Members of the UN Nutrition Secretariat joined others from the SUN GSS to organize a CFS 48 side event on Shaping the future of the food systems for the youth, with the youth, where Pierre Momcilovic from the Fill the Nutrient Gap team at WFP participated as a panelist stressing the importance of good nutrition during adolescence. Youth activist, Lana Weidgenant, who serves as the Vice-Chair of FSS Action Track 2 on Shifting to Sustainable Consumption Patterns, was part of a dynamic panel that discussed livestock-derived foods in the context of sustainable healthy diets, during a recent UN Nutrition webinar, held as part of the WHO Health Talks week. Her intervention was crucial in acknowledging regional differences in this complex issue and highlighting that the overconsumption of meat and dairy in industrialized countries is contributing to climate, biodiversity and health crises. She also urged for large-scale action, such as incorporating environmental sustainability considerations into national dietary recommendations, aligning food that is served in public institutions with those recommendations, reforming government subsidies and ensuring a just transition so that farmers are not left behind.
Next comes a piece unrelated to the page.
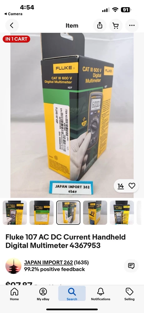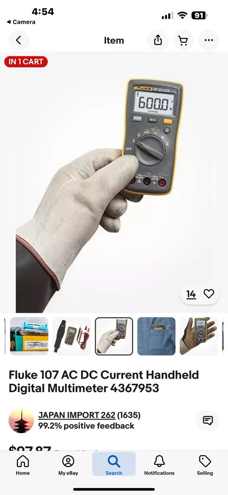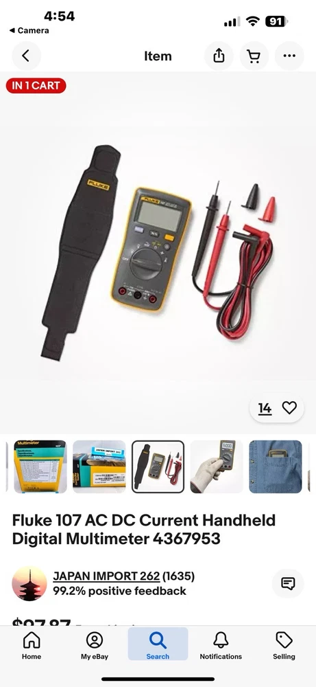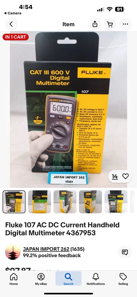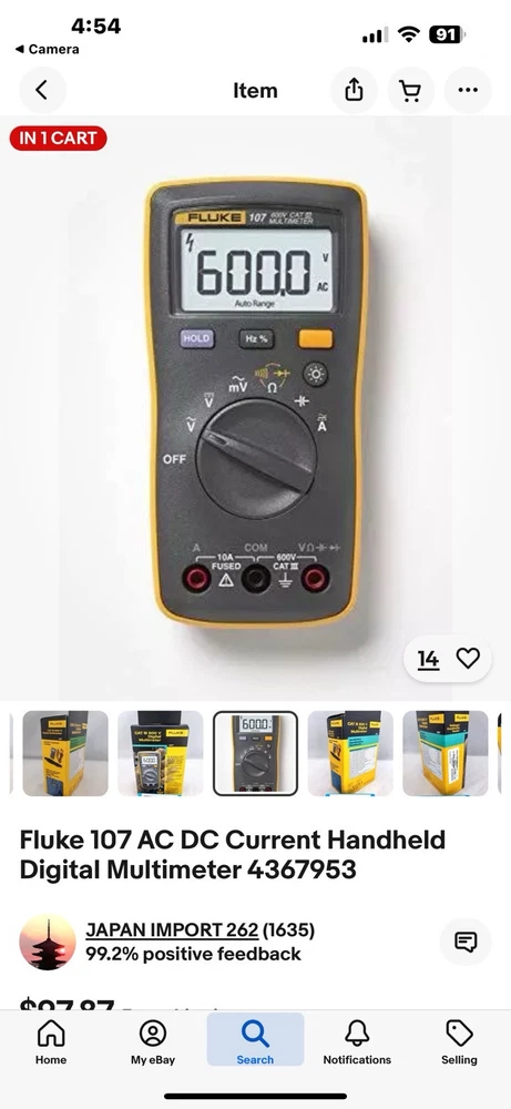 The Fluke 107 HVAC True RMS Digital Multimeter is a handheld device designed for electrical measurements in Category III environments. It has the ability to measure both AC and DC currents with auto-ranging functionality for ease of use. The digital display provides accurate readouts for various testing and measurement functions, making it a reliable tool for professionals in the business and industrial sectors. With the Fluke brand reputation for quality, this multimeter is a versatile and efficient choice for electrical troubleshooting and maintenance tasks.

Knowledge management and learning to catalyse progress
This third phase of the SUN Movement is also an opportunity to learn from prior experiences and promote peer learning. With knowledge management (KM) firmly engrained in UN Nutrition’s core functions, UN Nutrition is playing a large role in this sphere. This starts with UN Nutrition’s efforts in thought leadership, encompassing a range of activities such as the release of new discussion papers that pool technical expertise from the agencies. In May, the UN Nutrition Secretariat launched a discussion paper on The role of aquatic foods in sustainable healthy diets followed by one on Livestock-derived foods and sustainable healthy diets, released in June. In addition, it has also recently established an editorial board to steer work on the new UN Nutrition Journal and is taking complementary measures to increase access to articles co-authored by UN colleagues from members agencies that have been published in other peer-reviewed journals. Its ‘interview corner’ will soon be debuted in the UN Nutrition newsletter where UN colleagues around the world will have the opportunity to share their perspectives for a vibrant learning exchange, helping to enhance feedback loops between the country and global levels. Of course, these activities are backed by a series of learning initiatives conducted through the member agencies, such as the partnership between FAO’s e-learning academy and SUN.
Looking ahead
UN Nutrition is stepping up and pushing forward, after its careful first steps during the first semester. Its commitment to deliver as one, speak with one UN voice for nutrition and determination to succeed will help it rise to the complex challenges of today’s world from climate change to the COVID-19 pandemic. In addition to contributing to a fruitful third phase of the SUN Movement, UN Nutrition will bring together the technical expertise of its member agencies, encourage increased uptake of global guidance, advocate for nutrition at all levels, build a joint UN narrative around emerging issues, help cross-fertilize learning among countries and bring their insights to global process and bolster collective action for nutrition to deliver the 2030 Agenda. Every step counts.